The following day she learned the surgery was a success, and the day after that, she had the plastic surgery needed to repair the large hole in her face.
“They were unable to find a vein in my arm (probably because I was dehydrated from violently throwing up all night… imagine that), and they had to put the IV in my hand. Ouch! It was bruised for about a week after,” said Robinson.
“Anyway, they roll me back and put the gas on me, telling me to start counting. I was somewhere around ten before the next thing I knew, I woke up in the room they prepped me in, with a railroad of stitches in my face.”
Had she never had that heart-shaped mole checked, things would likely be different, which is why she is committed to spreading the word about screenings and self-examinations.

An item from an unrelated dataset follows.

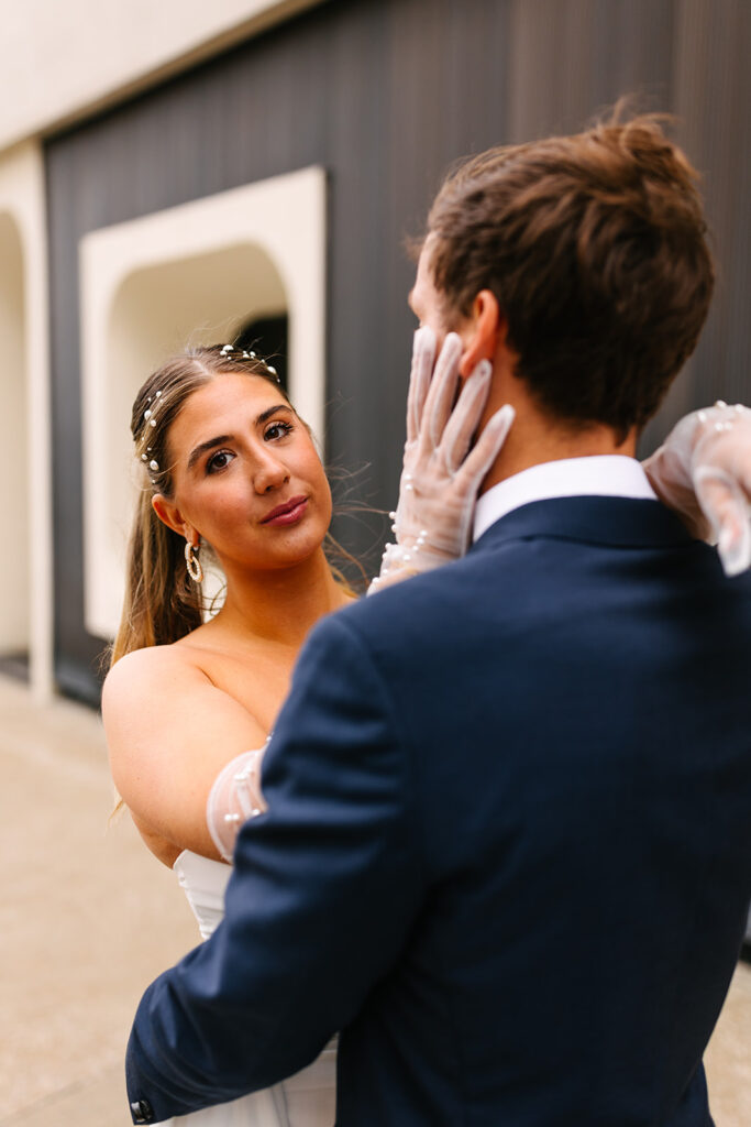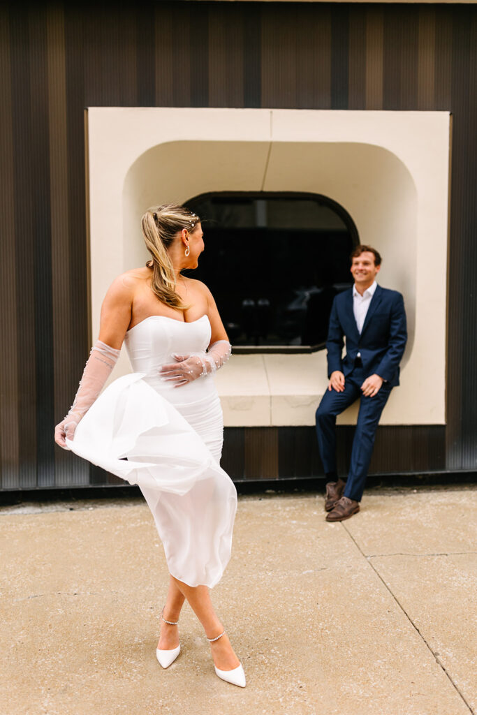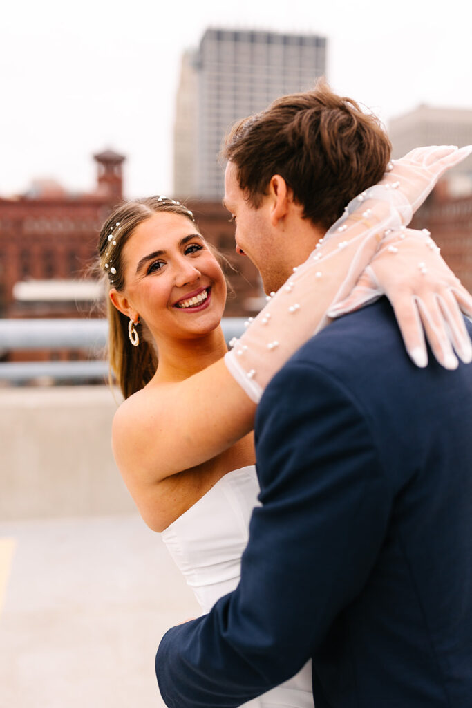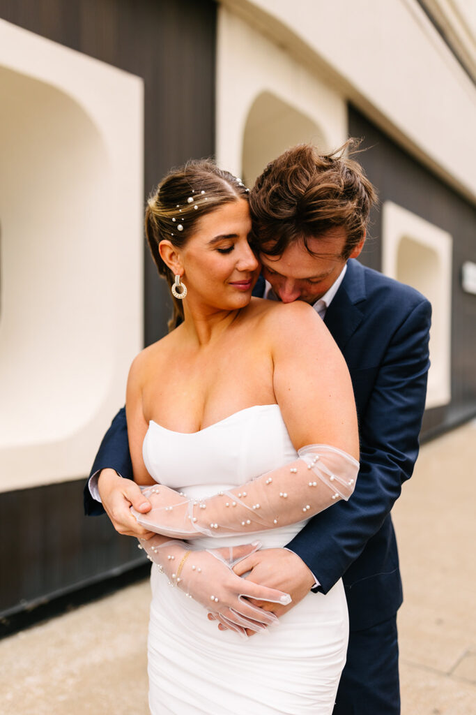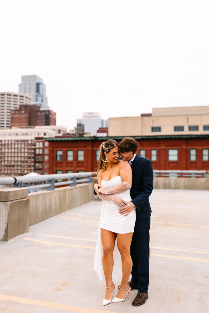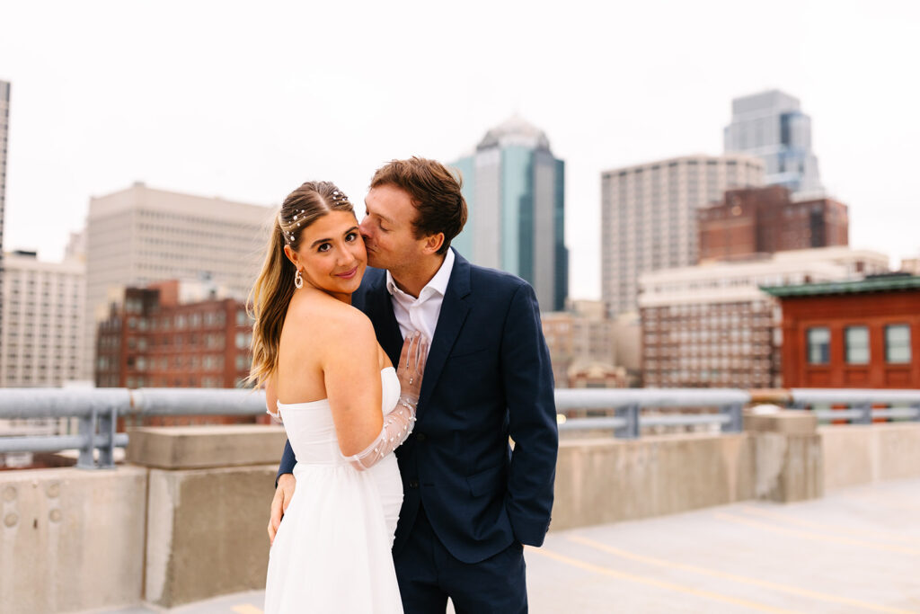 The Hotel Kansas City was the perfect fit for their classic style. They spent the morning in the king lofted suite, which gave them space to get ready and relax. The hotel team left a handwritten note and a bottle of sparkling rosé, which made the morning even sweeter.

She gets checked every month and warns everyone that she never tanned or spent much time in the sun aside from her early childhood running around outside in Alabama.
“So….Wear sunscreen (reapply every 2 hours) and/or protective clothing, do your yard work when the UV isn’t strong, get suspicious things checked by a professional, live a life you love, and love the life you live,” said cancer-survivor-turned-lifesaver Robinson in closing.
Dr. Frederick Mohs began to perform a procedure he referred to as chemosurgery in the 1930s that involved removing layers of tissue in surgical techniques and then examining them for signs of disease. His practices were later updated and slightly changed so that doctors could use his method to treat dermatological conditions, including skin cancers, thus giving the world Mohs surgery.
The procedure is quick, highly effective, and performed as an outpatient surgery.
A surgeon will begin by slicing off the skin’s tissue layer by layer and giving them to a pathologist or personally examining them with a microscope.
The doctor cuts the layers deeper and deeper until there is a transparent layer, which means the cancer cells are gone from that area.
That process all happens in real-time, giving patients peace of mind after they complete the surgery.
“So with most surgical procedures, you are taking a margin of healthy tissue, healthy skin around the tumor. And that margin is something that we come to as a standard of care based on lots of studies, literature, our experience. And so this is not necessarily an arbitrary margin, but a standard margin that we take around the cancer,” explained Dr. Sumaira Aasi, professor of dermatology and director of Mohs and Dermatologic Surgery at Stanford, in a previous interview with SurvivorNet.
“And then that tumor is sent to a laboratory where it’s most often bread-loafed or sectioned. And the pathologist will look at various parts of this excised tumor and let the surgeon know whether they got it all out or not.”
That entire process is simplified and streamlined, however, for patients receiving Mohs surgery.
“With Mohs surgery, when we cut the tissue, we’re actually cutting it and looking at 100 percent of the margin. That really is what defines Mohs surgery from other excisional or tumor extirpation procedures,” said Dr. Asai.
Kayla Robinson discovered her cancer by doing a self-check.
She will continue to do them because she knows better than anyone now that finding skin cancer early can save a person’s life.
Asymmetrical moles: if you drew a line straight down the center of the mole, would the sides match?
Borders: irregular, jagged, not smooth; can also stand for bleeding
Colors: multiple distinct colors in the mole
Diameter: larger than 6mm, about the size of a pencil head eraser
Evolution: This may be the most important thing that changes over time, such as gaining color, losing color, pain, itching, hurting, changing shape, etc.